Aquecimento global refere-se ao aumento da temperatura média dos oceanos e do ar perto da superfície da Terra que se tem verificado nas décadas mais recentes e à possibilidade da sua continuação durante o corrente século. O fenômeno se manifesta como um problema na temperatura sobre as áreas populadas do Hemisfério Norte, entre Círculo Polar Ártico e Trópico de Câncer. O clima marítimo do Hemisfério Sul é mais estável; embora o aumento do nível médio do mar também o atinge. O clima marítimo depende da temperatura dos oceanos nos Trópicos; e este está em equilíbrio com a velocidade de evaporação da água, com a radiação solar que atinge a Terra e o Efeito Estufa (Albedo).
Terminologia:O termo "aquecimento global" é um exemplo específico de mudança climática à escala global. O termo "mudança climática" também pode se referir ao esfriamento global. No uso comum, o termo se refere ao aquecimento ocorrido nas décadas recentes e subentende-se uma influência humana. A Convenção Quadro das Nações Unidas para Mudança do Clima (UNFCCC) usa o termo "mudança climática" para mudanças causadas pelo Homem, e "variabilidade climática" para outras mudanças.O termo "alteração climática antropogênica" é por vezes usado quando se fala em mudanças causadas pelo Homem.

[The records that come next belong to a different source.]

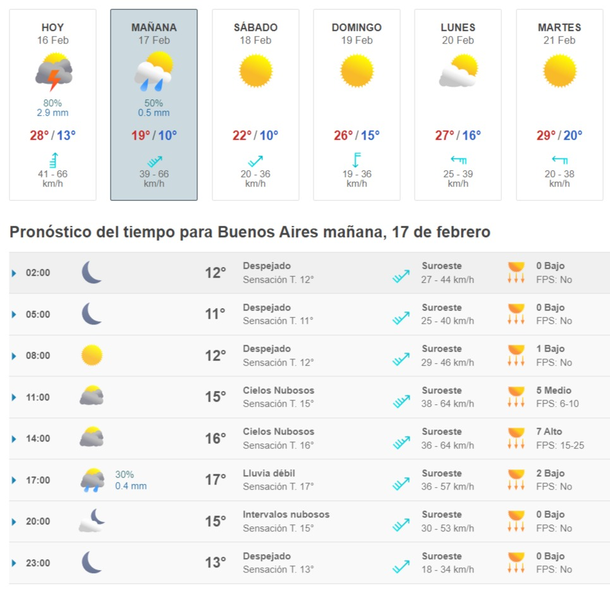 El sitio Meteored estima una temperatura mínima de 10 para la mañana del viernes 17 de febrero en Buenos Aires. Idénticas condiciones para el sábado aunque soleado con una máxima que trepará a los 22.
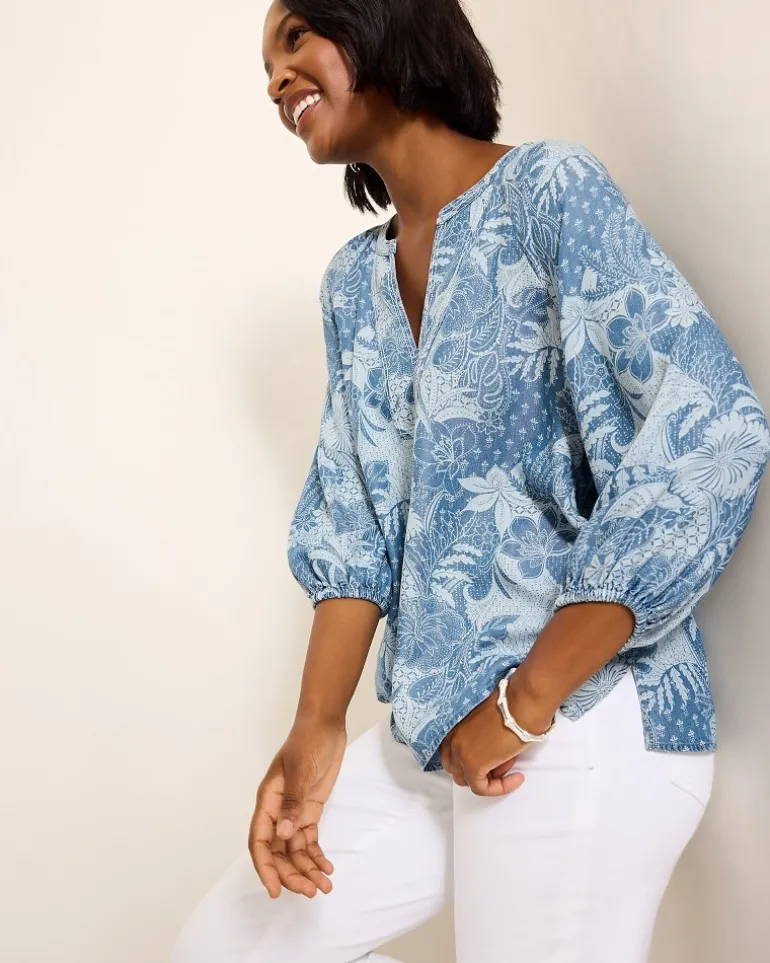 An intricate, sketched print of island flora inspires a unique silhouette that’s perfect for elevating your happy hour attire. Crafted from an ultra-soft fabric, this blouse brings comfort, versatility, and standout style.
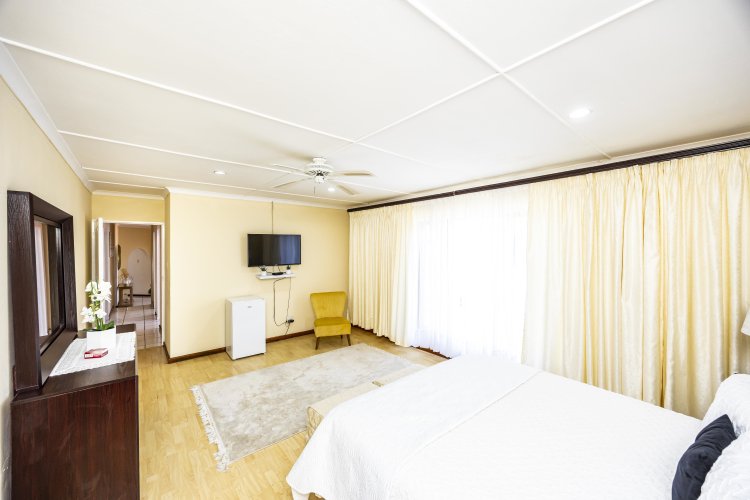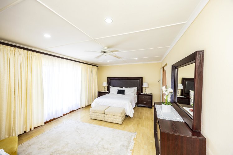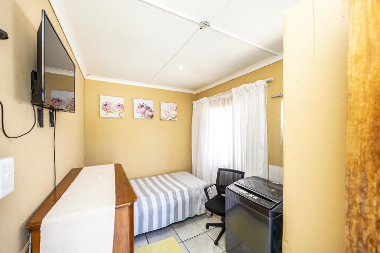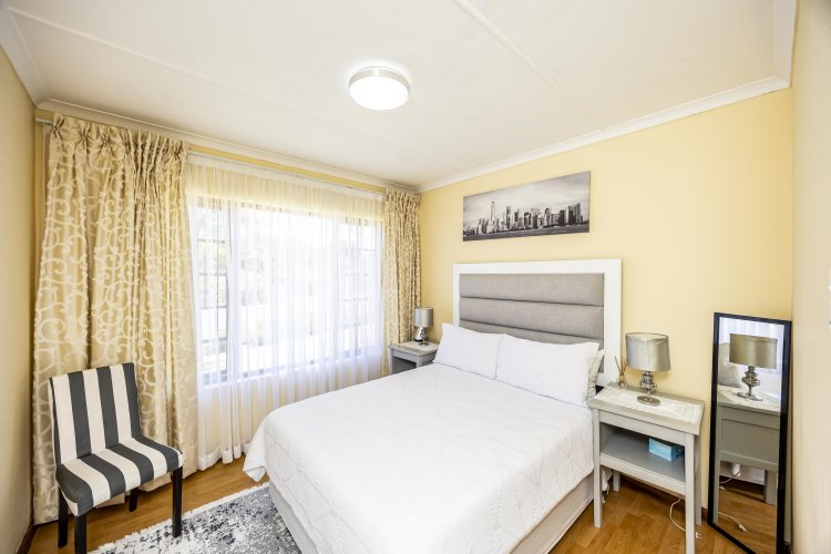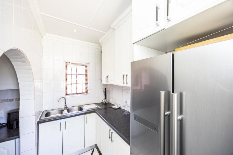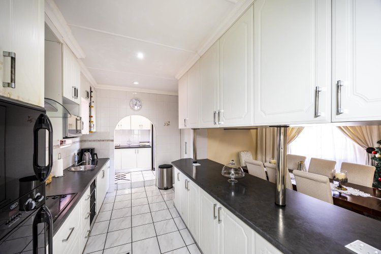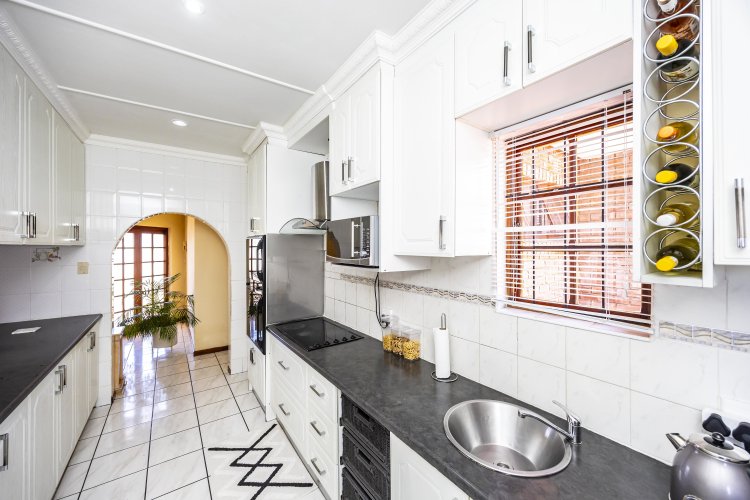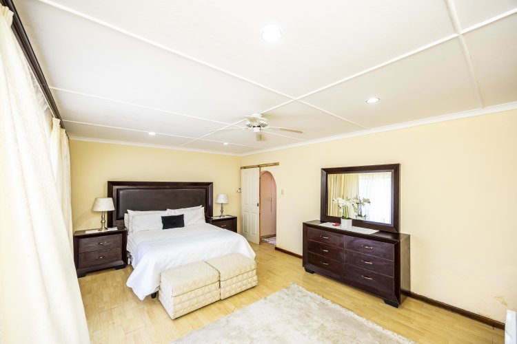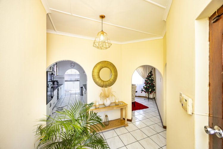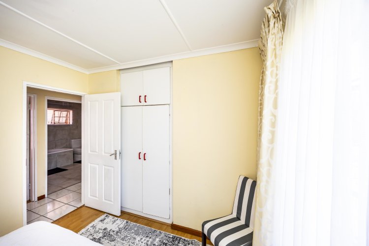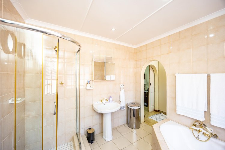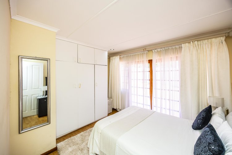 • Bedrooms: Four bright and well-sized bedrooms, each fitted with built-in cupboards. • Bathrooms: Two full bathrooms, of which one is en suite with a separate dressing room and built in cupboards. • Living Areas: TV lounge opening out to the pool area and a private upstairs lounge with a built in bar as well as a balcony. • Kitchen: The dining area is connected to the kitchen with a pass-through counter. The spacious galley style kitchen offers plenty of counter and cupboard space, built in eye level ovens, a glass stove top and extractor fan. There is a separate scullery area with plumbing for a dish washer and washing machine. • Swimming Pool: A sunlit, sparkling pool—your private oasis for summer relaxation. • Garden: Fully walled, well maintained garden with ample space for kids, pets, and outdoor entertainment. • Parking: Excellent secure parking with a double automated garage, extra space for caravans/boats, and two separate driveway entrances. • Expansion Potential: Large corner plot offers exciting opportunities to add a granny flat, extend living areas, or enhance outdoor features. • Construction: Low-maintenance, face brick exterior. Tiled and laminate flooring throughout • Extras: Outside room with a shower, basin and toilet, external door leading from the garage, built in braai area.
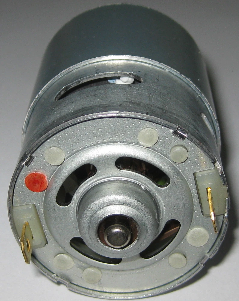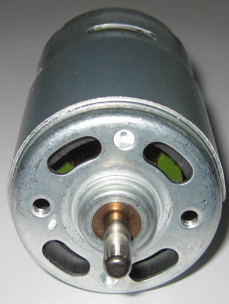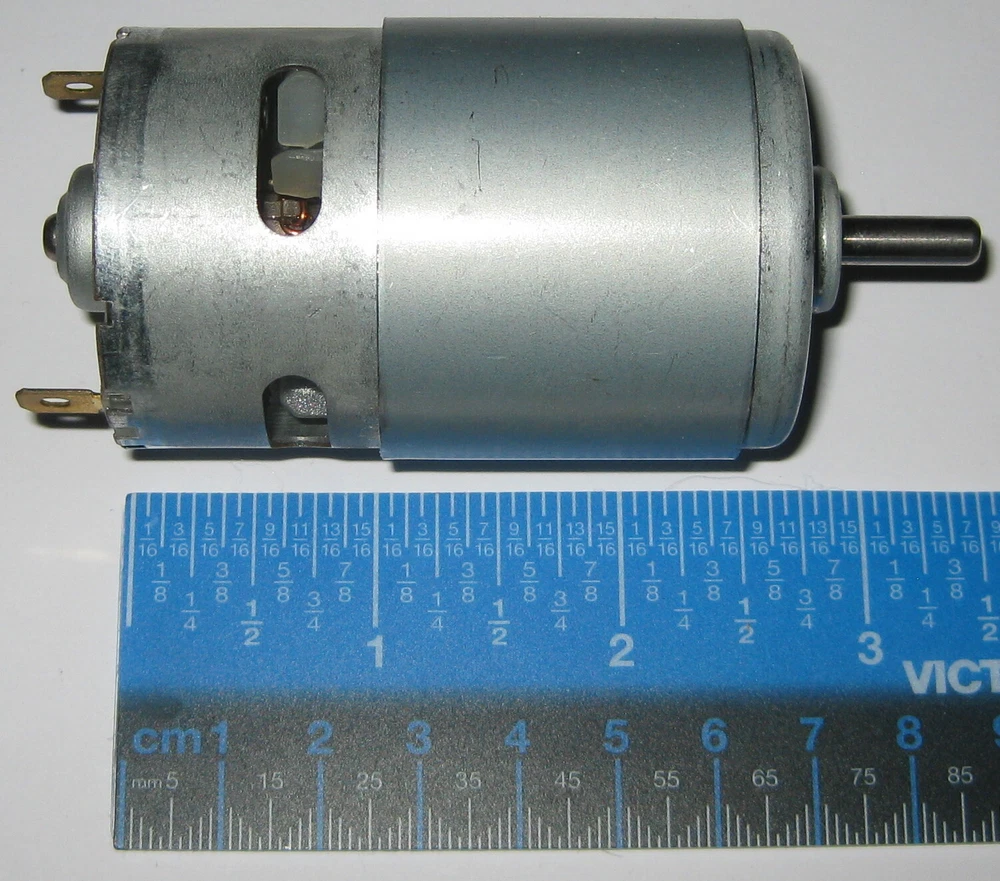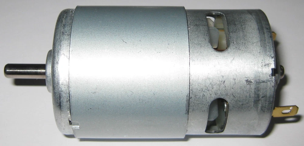 100 Watt Electric 12 VDC Motor w/ Fan - 15,000 RPM - 775 Frame Size Robot High Speed DC Motor RS-775SH DC electric motor Operates on 12 VDC nominal No load speed: 15,000 RPM No load current:2.1 A Rated load speed: 13,000 RPM Rated load current: 11.3 A Rated load torque: 716 g-cm (70 mNm) Output power: 100 Watts Stall current @ 12 VDC: 78 A Stall torque: 5,639 g-cm (553 mNm) Leaf brushes Round shaft dimensions: 14 mm L x 5 mm Diameter Dimensions (not including shaft): 67 mm long x 44 mm diameter Ideal for robotics, propulsion, and any other project requiring high speed motors Can be operated in either direction, simply reverse power supply polarity Weight: 11.8 oz (334 g) Comes with solder eyelets for power connection Built-in fan for cooler operation Intermittent duty Two threaded (M4 x 0.7) mounting holes on 29 mm diameter in drive end face 3 pole armature

Evidências do aquecimento global
A principal evidência do aquecimento global vem das medidas de temperatura de estações meteorológicas em todo o globo desde 1860. Os dados com a correção dos efeitos de "ilhas urbanas" mostra que o aumento médio da temperatura foi de 0.6 ± 0.2 °C durante o século XX. Os maiores aumentos foram em dois períodos: 1910 a 1945 e 1976 a 2000. De 1945 a 1976, houve um arrefecimento que fez com que temporariamente a comunidade científica suspeitasse que estava a ocorrer um arrefecimento global.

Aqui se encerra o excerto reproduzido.